I had hoped that more parliamentarians and more journalists would have attended the confer ence; only one of each showed up. As soon as the conference opened, several participants noted that women were rather less than equally represented; further, all the women present were peace activists – not a single woman from the government came; and of the people who had been asked to present positions, not one was a woman. The conference organizers made some attempts to rectify this situation, but an unfortunate tone had been set which to some extent lasted throughout the conference.

I personally found the conference very interesting, if somewhat inconclusive; but I know that some other peace activists who attended did not find it particularly worthwhile.

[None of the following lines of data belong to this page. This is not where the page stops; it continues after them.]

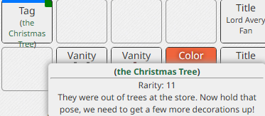 Offering to trade my tag for ‘the Nutcracker’ tag, if anyone who has it is willing/wants this one. Additionally, I can also offer one R10 color alongside, or as a standalone trade item from the screenshot below (Top = 220, 20, 40. Bottom = 220, 0, 0).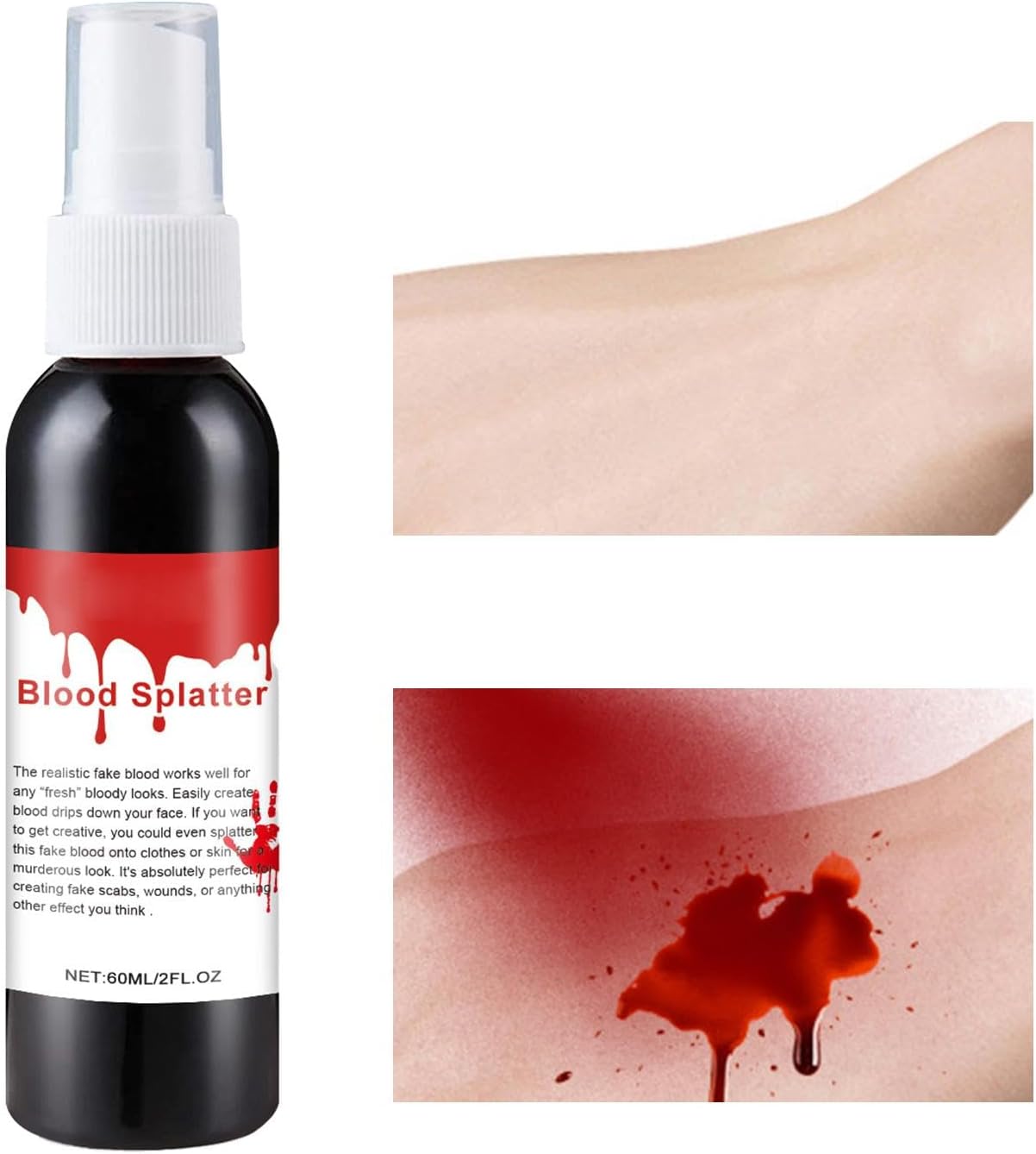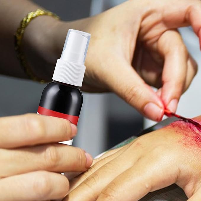 ✔️ Bezpieczna dla skóry i łatwa do zmycia – Krew w sprayu jest nietoksyczna i bezpieczna do użytku na ciele. Można ją łatwo zmyć wodą, co sprawia, że po imprezie wrócisz do normalności bez problemów.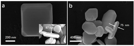 SEM images were obtained to investigate the morphology of the samples, which are presented in Figure 5. According to the SEM images, samples prepared by hydrothermal method showed irregular polyhedral structures with lateral length of 300~900 nm (Figure 5a). After annealing at 150 °C for various times, the appearance of BOC showed negligible changes compared to the primary sample (Figure 5b, Figure S3). The typical thickness of the annealed sample was few tens of nanometers. It appeared to be two-dimensional nanosheets [42]. It implied that a low temperature annealing process had no apparent effects on the morphologies. This was further supported by BET measurement.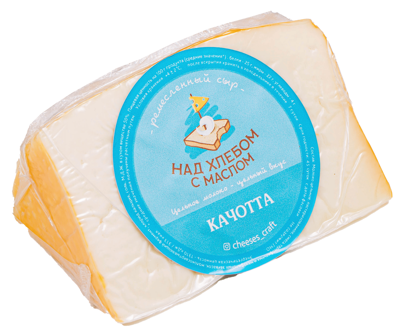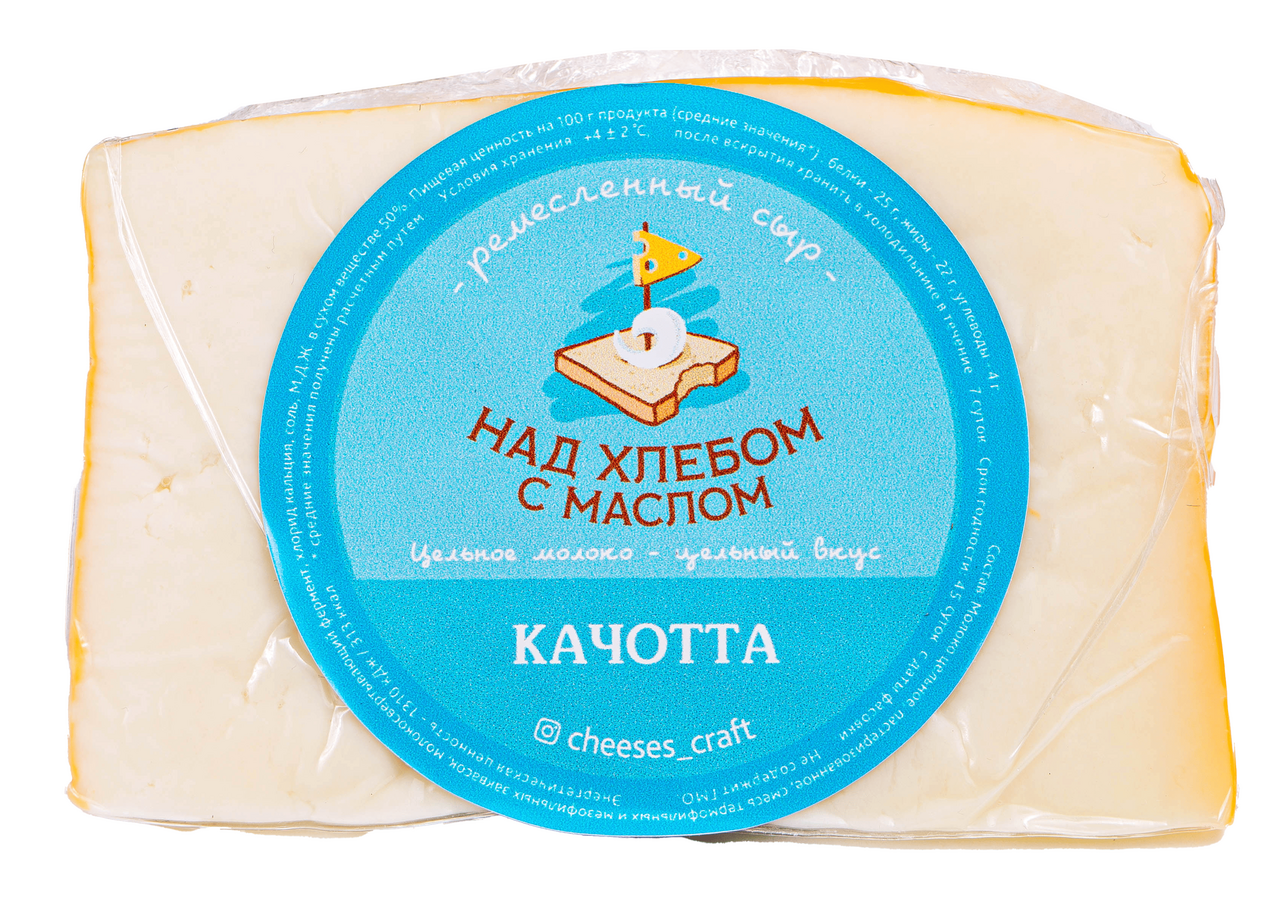 Сыр Над хлебом с маслом Качотта, молодой итальянский сыр 6-8-недельной выдержки. Сделан он из натурального молока по оригинальному рецепту. Продукт обладает нежным сливочным вкусом и натуральным ароматом. По структуре он достаточно мягкий и пластичный, легко плавится и равномерно распределяется. Продукт богат белком, фосфором, кальцием и витаминами. Он хорошо усваивается организмом, восполняя запас энергии и питательных веществ.

I feel that the willingness of government representatives to attend demonstrates the impact of the disarmament movement. I also believe that this dialogue was only part of a continuing process which is necessary for our success.

The peace movement must convince the mainstream; we should not dilute our message, but we cannot remain a political fringe. Most of our efforts, of course, should be directed to the grass roots, but bureaucrats are also a part of public opinion, an’d perhaps we have been too willing to dismiss them.

The conference also provided an opportunity for peace activists from around the country to gather and talk to each other. Informal discussion occurred during breaks and meals, and in addition, a more formal meeting was arranged for Sunday, June 10th, for those who could stay. Representatives were present from Vancouver, Edmonton, Saskatoon, Toronto, Ottawa, Montreal and Halifax.

Much of the discussion concerned the current state of the Peace Petition Caravan Campaign, and also future plans, including the cross-country caravan and election strategy. The possibility of forming a national co-ordinating committee was discussed; most agreed that some co-ordination would be a good idea, but there were some fears and reservations, particularly about the creation of a peace bureaucracy and about the dominance of major centers, such as Vancouver or Toronto. Others, however, felt that a properly constituted committee could help to protect the interests of smaller communities. We all agreed that it was important to take every opportunity to improve networking across the country.